Les démons de la liberté(Brute Force,1947) ets un film d'une rare efficacité que l'on classe par habitude dans les films "carcéraux" car décrivant la vie et la révolte d'une prison.Le scénario de Richard Brooks,journaliste au départ,est radical et narre la montée en violence chez les prisonniers de Westgate.Noir,le film l'est sans détours.Il est surtout désespéré et le huis-clos n'offre guère de perspective vers le ciel ouvert.Les gars de la cellule 17 préparent un coup mais les dés sont pipés.D'une extrême violence pour ces années quarante finissantes,le film me paraît moins centré sur un héros principal que d'autres films sur le thème.Le traitement en est un peu plus "choral" et recèle des pépites dont Calypso,condamné qui ne s'exprime qu'en chantant et un troublant gardien-chef sadique,Hume Cronyn,immense acteur de théâtre,très impliqué,coscénariste de Hitchcock et que Mankiewicz employa au mieux.Une bande-son très bien utilisée,une pin-up au mur de la cellule sont d'autres éléments de ce film rude et sauvage.Passe aussi,très discret,un peu de rêve quand ces pauvres types évoquent leur femme.Comme dit l'un des prisonniers"Ce qui s'est passé dehors,pour nous,avant,même pas terrible,au moins c'était dehors"
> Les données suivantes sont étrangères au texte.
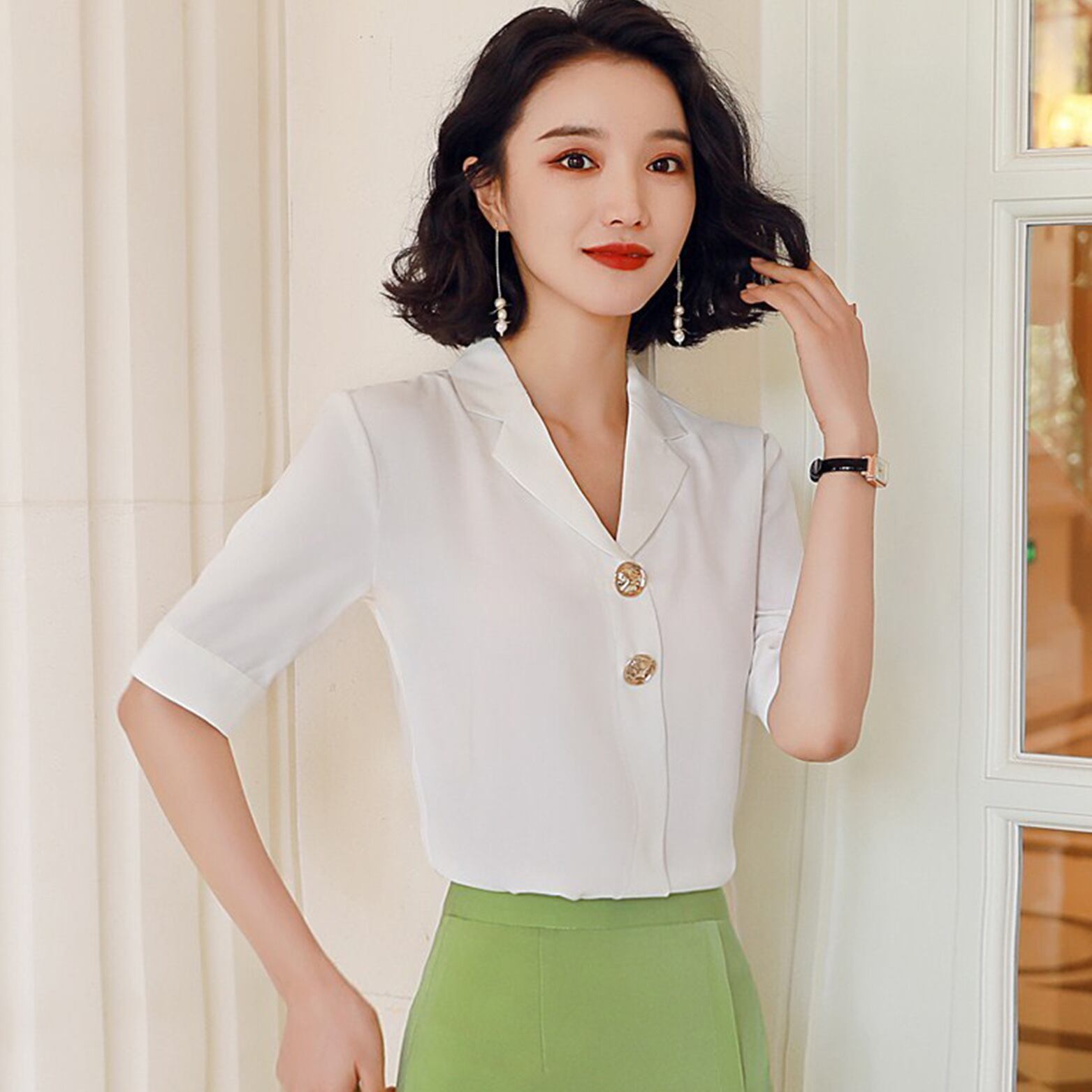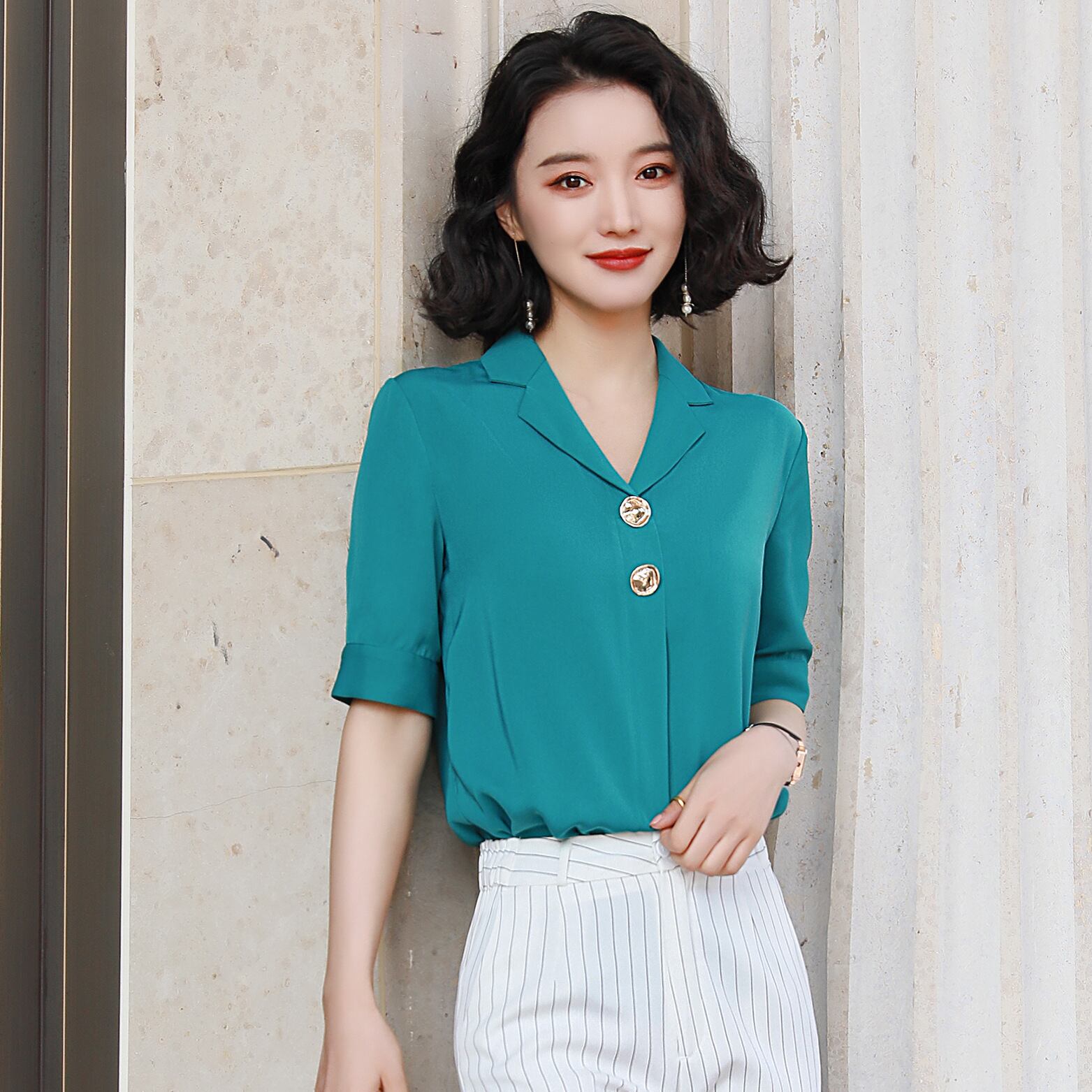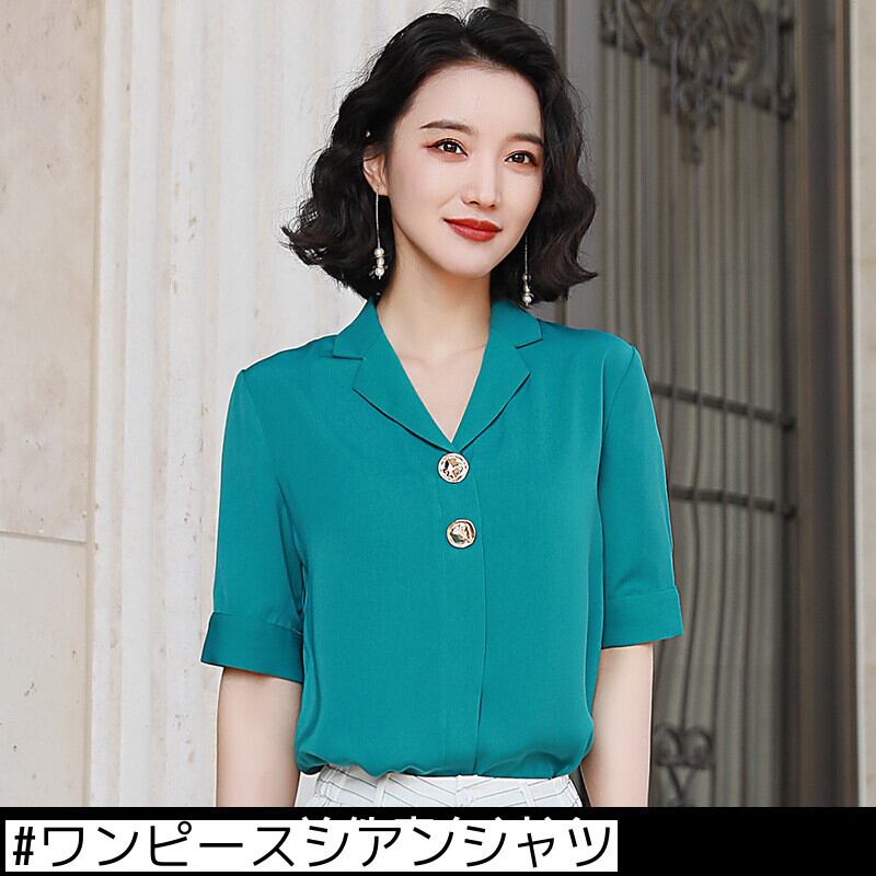 【新作】【送料無料】 2020年春の新しいルーズホワイトカラースーツカラーシフォンホワイトシャツ女性半袖スタイルの薄いウエスタンシャツ夏-アリババ スプリング 春物 サマー 夏物 12b348367719060
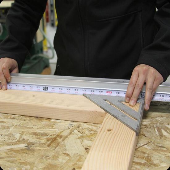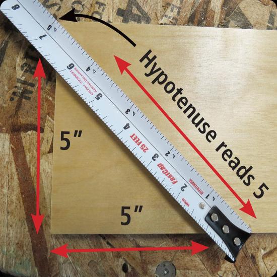 The Square One Tape Measure was designed to quickly help you find the hypotenuse (square) of anything. It has a dual scale; one side is a standard scale, the other side is an exaggerated hypotenuse scale. Zero math, zero mistakes.
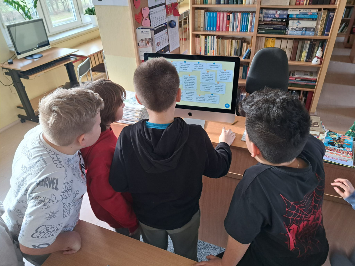 Atrakcyjnym elementem zajęć było wykorzystanie aplikacji LearningApps, dzięki której uczniowie w formie zabawy mogli sprawdzić, czy pamiętają treść książek z kanonu literatury dziecięcej. Interaktywne zadania spotkały się z dużym zainteresowaniem i zaangażowaniem uczniów.
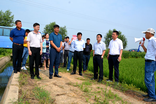 王董事長一行先后到大新農場農業生產現場、糧食倉儲項目、生態種養中心、勞模示范養殖池塘、小附河亮化工程現場、鹽田玉展銷中心、廉政文化廣場等地進行了考察調研。
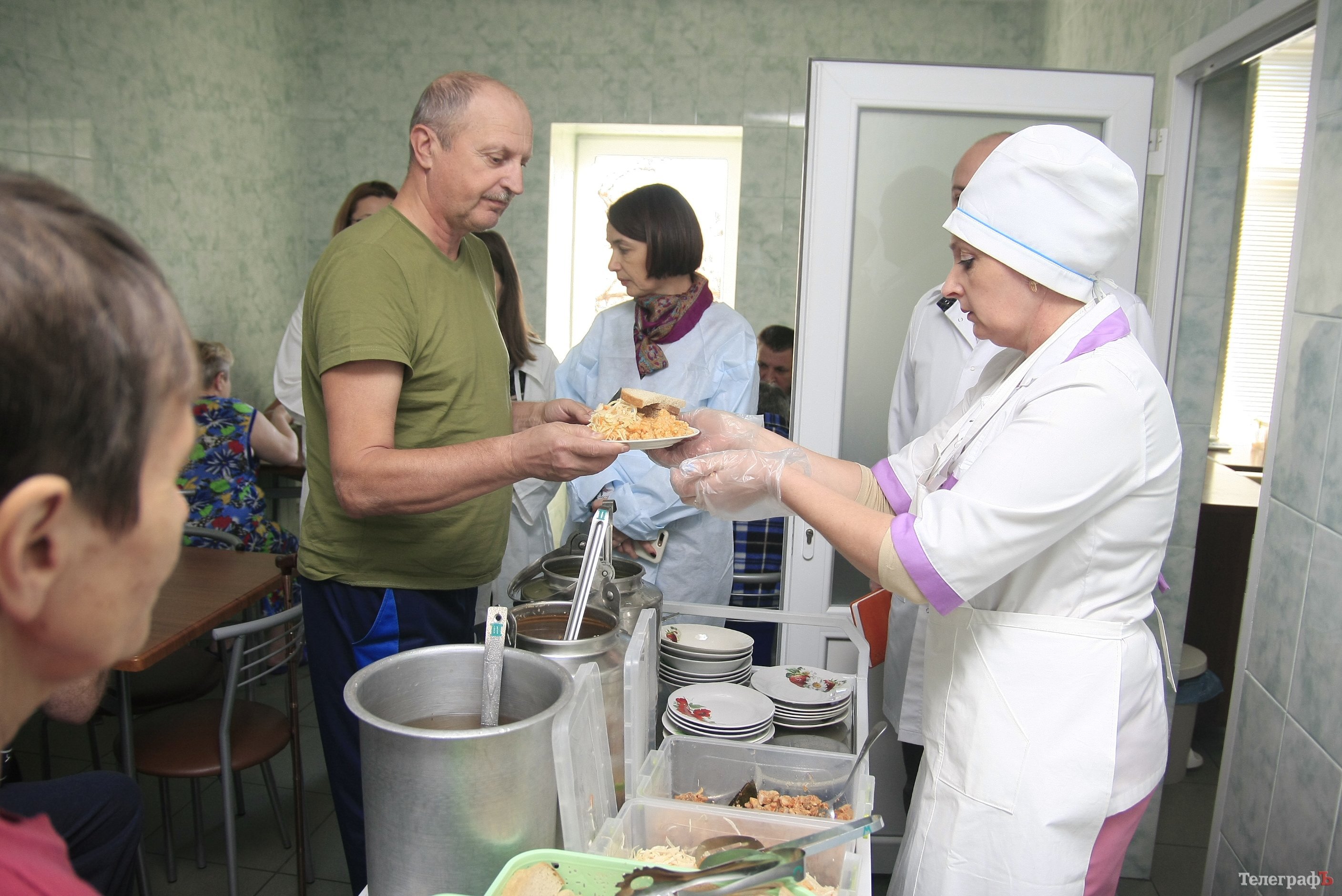 В отделениях «Кременчугской» больницы обустроены столовые для приема пищи. Столовые, которые посетила рабочая группа – в хирургии и в кардиологии – очень тесные. Там стоят несколько столов для пациентов, тут же находится раздаточный стол, где накладывают порции. Член рабочей группы депутат Коркишко высказал пожелание, чтобы помещения столовых были просторней.
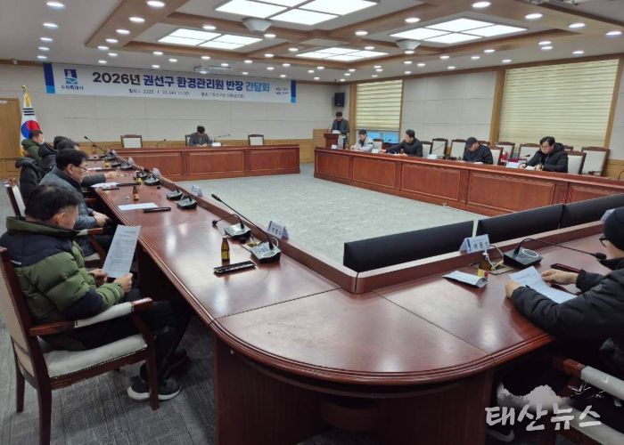 태산뉴스 이동욱 기자 | 권선구 환경위생과는 최일선에서 일하는 환경관리원들을 격려하고 애로사항을 청취하고자 ‘환경관리원 간담회’를 2026년 1월 21일 오전 11시에 개최했다.
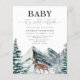 Step into the winter forest and shower the Mum-to-be with this budget baby shower invitation featuring hand painted forest, pine trees and deer scenery in snow.
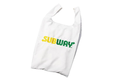 軽量でなめらかなポリエステル素材で、サブウェイのロゴの刺繍いり。シンプルなデザインながらサンドイッチのテイクアウトはもちろん普段使いにもおすすめ。
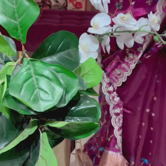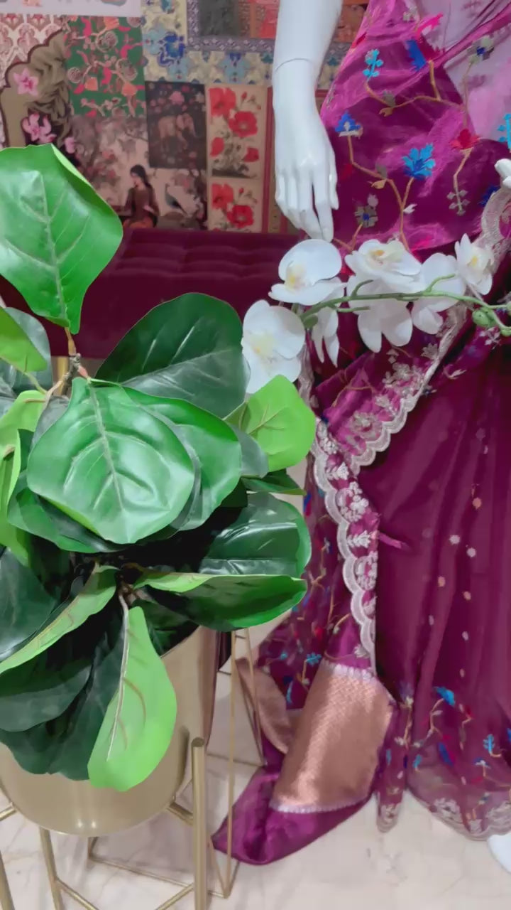 Luxurious pure tissue silk saree with exquisite Kadwa weaving and intricate Petit Point embroidery. A masterpiece of craftsmanship, perfect for weddings and grand occasions. Elegant, timeless, and rich in tradition.

     La cité sans voiles,réalisé un an après avec le même producteur Mark Hellinger,loin du décor quasi-unique de Brute Force,nous plonge dans New York pour une enquête policière au coeur de la mètropole dans un style assez proche du  Néoréalisme italien,ce cinéma de la vérité jamais égalé.La ville,peu filmée ainsi jusque là nous apparaît avec les gens du quotidien au labeur,les enfants dans les rues,femmes de ménage,commerçants.Cela semble banal aujourd'hui mais en 1948 c'était plutôt assez révolutionnaire à Hollywood.Réalisé sans vedettes très connues The naked city.sonne comme un document,au plus près de cette Amérique urbaine d'après-guerre,encore accentué par la narration de Mark Hellinger lui-même.Et quels plans sur les passerelles,les ponts et Big Apple!D'autres filmeront New York:Scorsese,Allen,Ferrara à leur manière.New York superstar!



Cette édition DVD comporte des suppléments géniaux.Chabrol et Brion,des connaisseurs,parlent des deux films.Et Jules Dassin lui-même revient sur ces deux tournages,du haut de ses 94 ans.C'est très émouvant.Cela donne envie de découvrir Les bas-fonds de Frisco.Quant aux Forbans de la nuit ce blog  l'a déjà chroniqué.